**ACTIVITY**
Only one stretch of the data below is needed. Output the lines from the one with "喵洽普貓咪凍乾零食 雞胸肉 80g(貓零食 貓凍乾 寵物凍乾 雞肉 馬肉 毛鱗魚)" up to and including the one with "Express your style", exactly as they stand.

**RECORDS FOR THIS TASK**
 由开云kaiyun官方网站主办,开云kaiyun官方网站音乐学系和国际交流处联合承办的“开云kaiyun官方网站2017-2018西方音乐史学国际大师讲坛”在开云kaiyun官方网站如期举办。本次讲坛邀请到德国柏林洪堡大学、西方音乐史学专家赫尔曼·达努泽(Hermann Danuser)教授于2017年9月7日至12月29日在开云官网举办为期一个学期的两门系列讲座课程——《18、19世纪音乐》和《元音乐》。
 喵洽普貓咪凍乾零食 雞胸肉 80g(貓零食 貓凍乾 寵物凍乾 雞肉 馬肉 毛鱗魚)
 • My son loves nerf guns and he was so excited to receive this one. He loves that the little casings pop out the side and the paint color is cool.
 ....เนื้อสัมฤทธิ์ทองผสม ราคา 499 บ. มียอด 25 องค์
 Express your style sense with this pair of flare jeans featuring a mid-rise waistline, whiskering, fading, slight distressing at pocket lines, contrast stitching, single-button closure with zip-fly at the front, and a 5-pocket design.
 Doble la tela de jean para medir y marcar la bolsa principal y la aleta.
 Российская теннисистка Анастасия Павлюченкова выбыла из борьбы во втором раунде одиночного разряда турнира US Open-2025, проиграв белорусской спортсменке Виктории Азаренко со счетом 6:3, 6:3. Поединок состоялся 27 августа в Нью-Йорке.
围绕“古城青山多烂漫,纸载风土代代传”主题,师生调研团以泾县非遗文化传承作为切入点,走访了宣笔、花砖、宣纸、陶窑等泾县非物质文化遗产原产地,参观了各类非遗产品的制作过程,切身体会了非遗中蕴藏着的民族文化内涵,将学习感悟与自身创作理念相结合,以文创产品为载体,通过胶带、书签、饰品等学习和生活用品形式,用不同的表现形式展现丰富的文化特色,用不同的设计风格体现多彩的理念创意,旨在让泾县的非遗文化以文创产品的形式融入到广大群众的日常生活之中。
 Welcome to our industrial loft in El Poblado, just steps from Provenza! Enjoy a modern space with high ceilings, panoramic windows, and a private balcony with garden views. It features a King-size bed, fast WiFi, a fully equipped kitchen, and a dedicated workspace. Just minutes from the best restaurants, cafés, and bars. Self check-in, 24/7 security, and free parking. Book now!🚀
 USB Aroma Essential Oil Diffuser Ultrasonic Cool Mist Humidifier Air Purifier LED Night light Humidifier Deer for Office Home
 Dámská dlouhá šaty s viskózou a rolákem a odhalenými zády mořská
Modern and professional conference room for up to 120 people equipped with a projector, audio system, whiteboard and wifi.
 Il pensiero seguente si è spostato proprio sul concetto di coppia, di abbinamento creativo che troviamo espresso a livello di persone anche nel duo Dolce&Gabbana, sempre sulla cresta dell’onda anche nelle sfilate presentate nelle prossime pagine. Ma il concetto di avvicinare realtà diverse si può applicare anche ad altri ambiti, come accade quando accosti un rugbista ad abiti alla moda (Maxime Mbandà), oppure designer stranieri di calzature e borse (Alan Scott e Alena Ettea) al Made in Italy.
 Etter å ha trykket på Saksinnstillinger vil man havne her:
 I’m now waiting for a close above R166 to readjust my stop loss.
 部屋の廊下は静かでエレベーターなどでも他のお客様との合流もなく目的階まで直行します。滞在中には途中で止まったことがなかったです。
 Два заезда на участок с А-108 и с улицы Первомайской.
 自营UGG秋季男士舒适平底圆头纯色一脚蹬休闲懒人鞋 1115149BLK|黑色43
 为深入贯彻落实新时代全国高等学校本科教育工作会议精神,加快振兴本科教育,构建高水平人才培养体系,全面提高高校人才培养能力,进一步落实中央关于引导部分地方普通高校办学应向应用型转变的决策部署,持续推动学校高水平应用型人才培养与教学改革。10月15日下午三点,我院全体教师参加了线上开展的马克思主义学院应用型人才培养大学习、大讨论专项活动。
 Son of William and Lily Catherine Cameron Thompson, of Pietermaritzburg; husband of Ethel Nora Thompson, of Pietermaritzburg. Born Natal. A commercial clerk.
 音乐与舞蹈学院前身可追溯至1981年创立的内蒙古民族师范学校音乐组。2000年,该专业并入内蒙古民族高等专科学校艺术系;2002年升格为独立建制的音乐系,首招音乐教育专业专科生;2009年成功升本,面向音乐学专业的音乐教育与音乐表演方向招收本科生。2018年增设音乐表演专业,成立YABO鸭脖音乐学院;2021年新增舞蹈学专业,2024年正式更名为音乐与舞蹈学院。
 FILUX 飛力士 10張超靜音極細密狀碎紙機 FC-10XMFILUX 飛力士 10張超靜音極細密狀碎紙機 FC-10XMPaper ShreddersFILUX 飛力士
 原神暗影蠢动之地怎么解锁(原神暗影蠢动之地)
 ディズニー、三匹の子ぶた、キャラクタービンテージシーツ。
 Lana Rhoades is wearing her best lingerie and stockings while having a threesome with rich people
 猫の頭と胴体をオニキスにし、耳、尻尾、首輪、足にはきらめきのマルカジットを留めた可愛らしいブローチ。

**RESPONSE**
 喵洽普貓咪凍乾零食 雞胸肉 80g(貓零食 貓凍乾 寵物凍乾 雞肉 馬肉 毛鱗魚)
 • My son loves nerf guns and he was so excited to receive this one. He loves that the little casings pop out the side and the paint color is cool.
 ....เนื้อสัมฤทธิ์ทองผสม ราคา 499 บ. มียอด 25 องค์
 Express your style sense with this pair of flare jeans featuring a mid-rise waistline, whiskering, fading, slight distressing at pocket lines, contrast stitching, single-button closure with zip-fly at the front, and a 5-pocket design.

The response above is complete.